Khue Dinh doesn't care if you don't like him. In fact, he welcomes it. Call him the Joe Redner of sushi.
"Yes I'm controversial. Yes, I'm hardcore," he asserts with snarling bravado. Sushi Extreme, his restaurant in Ybor City, may have just opened last month, but Khue (pronounced Quay) is determined to make a name for himself in the landscape of Tampa characters.
If his restaurant catches on, he might just have a shot. He runs it like an extension of himself.
Dressed in camo pants and a chef's jacket, with a radio earpiece permanently clipped in his ear and a backwards baseball hat concealing the "X" shaved into the back of his head, he explains his philosophy: "There are three types of people in this world. People who don't know me, people who hate me, and people who love me."
For those who don't know Khue or his restaurant (as he'll proudly tell you, he hasn't done any advertising), they're in for a surprise.
Khue calls it "restaurantainment."
"This is my playground. How far can I push the envelope? Can a customer get a lap dance?"
Loud music booms from the stereo system, waitresses in short skirts dance on a second-floor platform, staffers are given to impromptu shouts of "Sushi X!" and, yes, the waitresses can sometimes be found in patrons' laps.
Sushi Extreme is open only for dinner, because, Khue says, he "can only create that ambience at night." After 11 p.m., only those 21 and up are allowed in.
The food presentation is no less over-the-top. A word of warning: Watch out if you order the Lonestar Roll. A chef will come to your table with a blowtorch and make mooing noises as he blazes the filet mignon atop the roll. And if the cow imitation isn't enough to dissuade you from eating, he tops it off with what he calls "cream of sum yung guy" sauce, moaning as he pours.
But behind the veneer of Khue's abrasive and perhaps off-putting antics, he maintains his commitment to his cuisine. "I am here for the food. That's my number one priority," he says. "The rest is extra."
He's serious — extreme you might say — when it comes to the operation of the restaurant. He runs the place like the military.
Camouflage pants for the men and camo mini-skirts for the women are standard issue for employees. They all have to pass through "basic training." He calls them pissants and numbnuts. If they prove themselves worthy, they get a dog tag stenciled with Khue's handpicked nickname. So far, only three have been rewarded, Rico Suave, Pit Bull and Dr. Jones. Khue's The General, of course.
His servers, although they seemed a bit skittish when questioned, had positive things to say about Khue's style.
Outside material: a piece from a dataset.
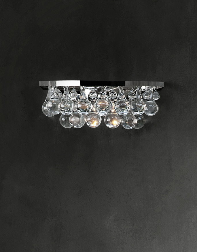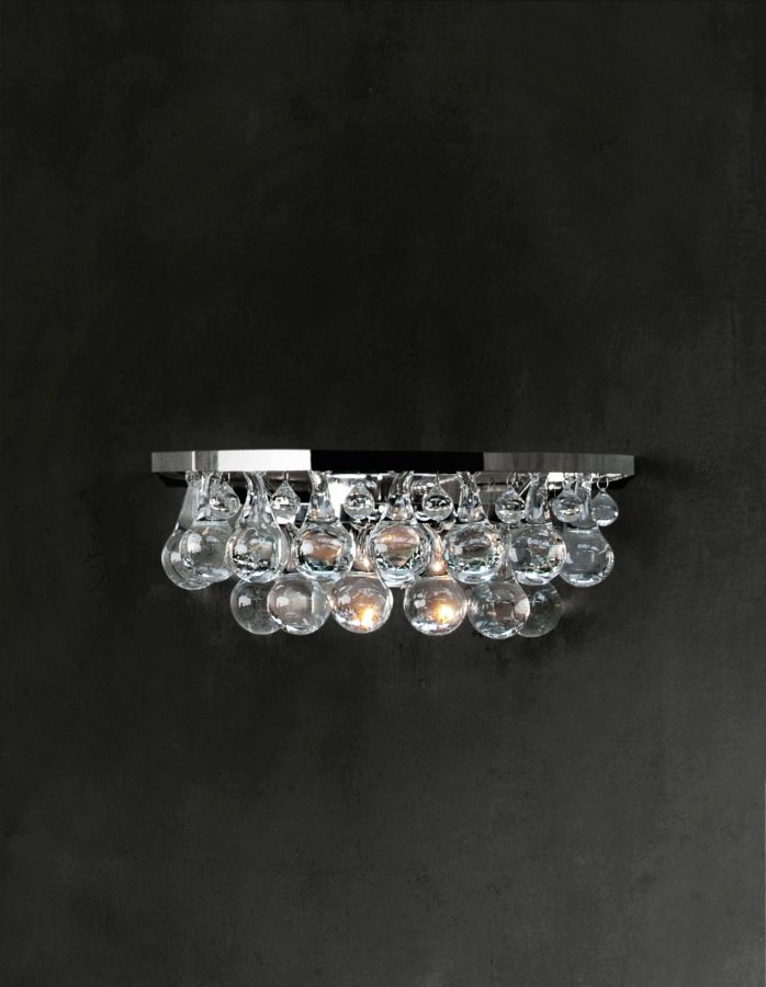 wall light in patinated bronze or nickel finish, with solid clear glass drops

New recruits Samantha Pieffer, 18, and Crystal Fisher, 19, both freshmen at USF, agreed that the relationship among the employees is "more like a family." The military is "a theme, but it's not like we're at boot camp or anything," said Samantha. But, as Crystal remarked, "Only the strong survive."
Rico Suave, or Anthony Marzolo, Khue's house manager, describes himself as the mother of the group. "Khue's the father. He screams and yells and they come to me for comfort," he says.
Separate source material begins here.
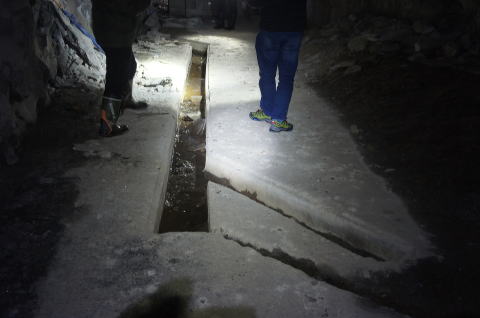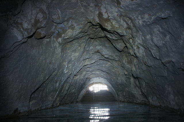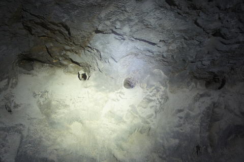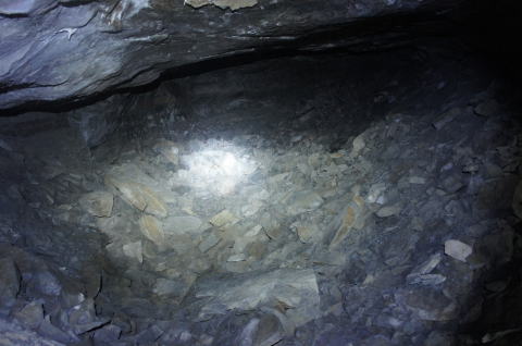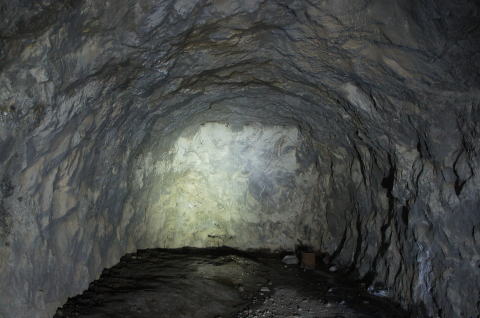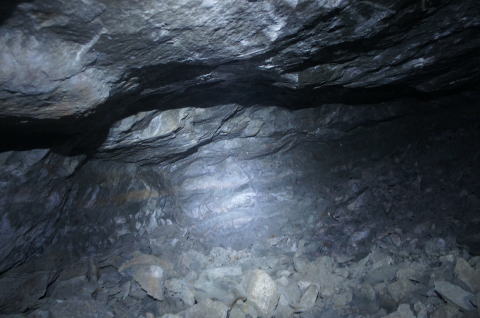 ![]() 最深部より振り返り。 このような感じで洞内が掘りあがっているのが分かって頂けると思います。 本坑を見下ろすような感じになっています。 |

As the first person Khue hired seven months ago, Anthony has seen Khue through the struggles of opening a new business. There were times, he says, when he thought "This is nuts, what are you thinking? But [Khue] always manages to pull things off."
Khue isn't afraid of appearing nuts. He revels in it. "Everybody thinks I'm on drugs," he says. "I tell them, I piss positive for substance X ... Sushi X."
Beneath the flamboyance, though, Khue is highly methodical. He's been involved in the restaurant business for nearly his whole life. Born in Cantho, Vietnam, the 36-year-old chef came to the U.S. in 1978 after escaping from Vietnam on a rickety boat to Malaysia. He and his family ended up in Ardmore, Okla., through the help of a local Baptist minister, Tom Cotton.
Khue's adjustment to American life was difficult. He and his family spoke no English, and Khue says they were the first Asians in town. His parents opened Chinese restaurants in Oklahoma, and after the family moved to St. Petersburg in 1987, his siblings opened Beijing Garden and the Great Wall restaurants.
Khue's been planning his first solo effort in the restaurant industry for 10 years. He's trained in kitchens throughout the area, including Lee Roy Selmon's and The Cheesecake Factory, and was also part-owner at Sushi Rock Grill in St. Petersburg.
First-time customer Damon Dimmick was impressed with Sushi Extreme. "I haven't seen anything like this in a sushi place," he said. He approved of the unconventional style. "It definitely makes it stand out ... People go out not just to eat but to be entertained."
It's too early to tell whether others will share Dimmick's attitude or whether Khue's zeal will get him where he wants to go.
The pressure is on, though. He borrowed money from family members to get his place up, and to top it off, his house is on the line.